1. Fill in the _identification numbers_ of all members of the group as a list of strings between the `Author` markers.
1. Run the code cell by putting the cursor there and typing **Control-Enter**.


In [1]:
#// BEGIN_TODO [Author] Name, Id.nr., Date, as strings (1 point)

AUTHOR_ID_NRS = ['1928317', '2034859', '2052237']

#// END_TODO [Author]

## Table of Contents

- [Preparation](#Preparation)
    - [Load the libraries](#Load-the-libraries)
- [Part 1a. Hypothesis selection](#Part-1a:-Hypothesis-selection)
- [Part 1b. Hypothesis refinement](#Part-1b:-Hypothesis-refinement)
- [Part 2. Queries and data cleaning](#Part-2:-Queries-and-data-cleaning)
- [Part 3. Hypothesis testing and interpretation](#Part-3.-Hypothesis-testing-and-interpretation)
- [Part 4. Pitching results](#Part-4.-Pitching-results)

## Preparation
### Load the libraries

In [2]:
import numpy as np
import pandas as pd

from sklearn.linear_model import LinearRegression         # for linear regression
from sklearn.cluster import KMeans                        # for clustering
from sklearn.tree import DecisionTreeClassifier           # for decision tree mining
from sklearn.metrics import mean_absolute_error, confusion_matrix
from sklearn.model_selection import train_test_split
from treeviz import tree_print                            # to print decision tree

import scipy.stats as stats                               # to compute z-scores
from scipy.interpolate import interp1d
from scipy.ndimage import gaussian_filter1d
import sqlite3                                            # to interact with the database
import statsmodels.api as sm
from statsmodels.distributions.empirical_distribution import ECDF

%matplotlib inline                                 
import matplotlib as mpl
import matplotlib.pyplot as plt
import seaborn as sns                                     # also improves the look of plots
sns.set()
plt.rcParams['figure.figsize'] = 10, 5                    # default hor./vert. size of plots, in inches
plt.rcParams['lines.markeredgewidth'] = 1                 # to fix issue with seaborn box plots; needed after import seaborn

ModuleNotFoundError: No module named 'treeviz'

## Part 1a: Hypothesis selection

# Hypothesis:

1. The rural village De Rips, north east of Eindhoven, will have an increase in NOx concentration when the south west wind blows in Eindhoven.
2. Utrecht Will have an increase in NOx concentration when the south west wind blows from Amsterdam.

**Comment**: We chose these two hypothesis above to find out how does urban cities affect rural villages. Furthermore, we picked Eindhoven and village De Rips
as the village is north east of Eindhoven, which is the most frequenct wind direction. The same reason applies to the second hypothesis.

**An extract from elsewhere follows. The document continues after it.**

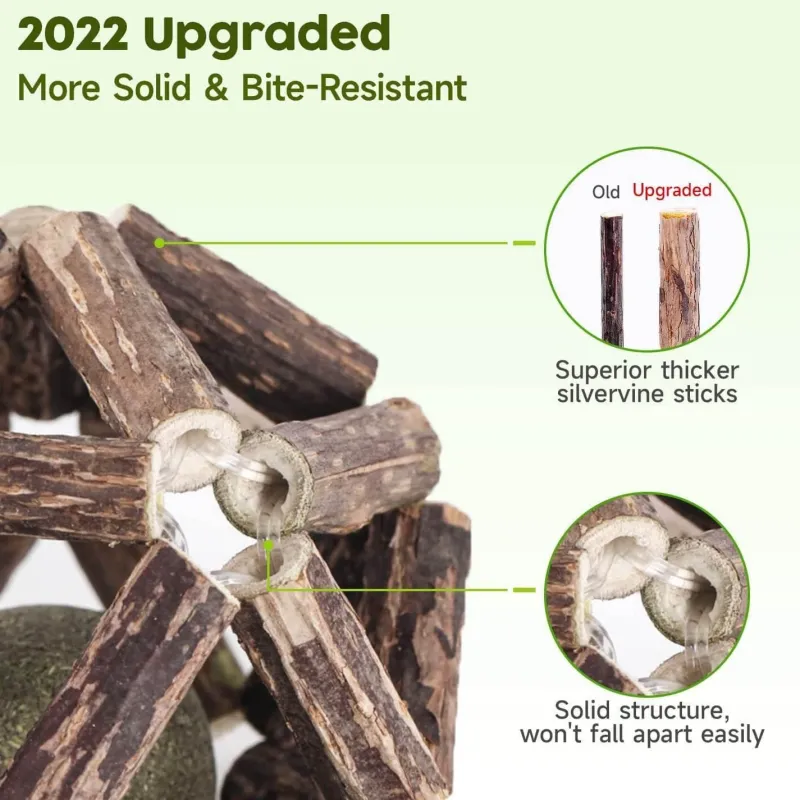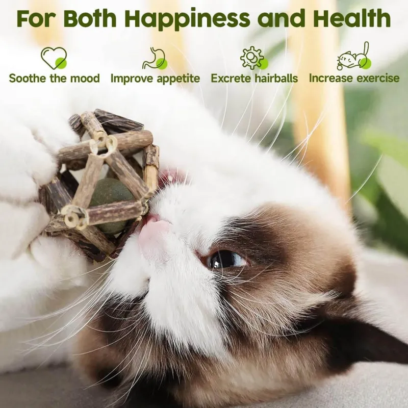 Unsere Minzbällchen fördern nicht nur das Spielvergnügen, sondern unterstützen auch eine gesunde Verdauung. Die Ballaststoffe aus Katzenminze, Silberwein und Gallfrucht fördern die Magen-Darm-Beweglichkeit, tragen zur Reduzierung von Haarballen bei und verbessern die allgemeine Verdauungsgesundheit. Sollte Ihre Katze mit der Zeit das Interesse verlieren, kann ein einfaches Abschneiden der Silberweinstäbe den Duft auffrischen und das Spielerlebnis beleben.

3. The correlation between wind speed and NOx concentration in Rotterdam (coast) is higher than in the village De Rips (inland)

**Comment** : We are thinking of using machine learning models to compare the correlations between a more windi place (near the coast), namely, Rotterdam, and a less windy place (inland), namely, De Rips. It would be easy to calculate the mean absolute error or just look at the residual plot, whcih would tell us where (inland or coast) is the correleation between the concentration of NOx and windspeed.

Eventually, we chose hypothesis 1 as we want there to be a clear difference between the air qualities, because the second hypothesis includes Amsterdam and Utrecht whcih would not be that different. Furthermore, we discarded hypothesis 3 as we thought that this would be too easy.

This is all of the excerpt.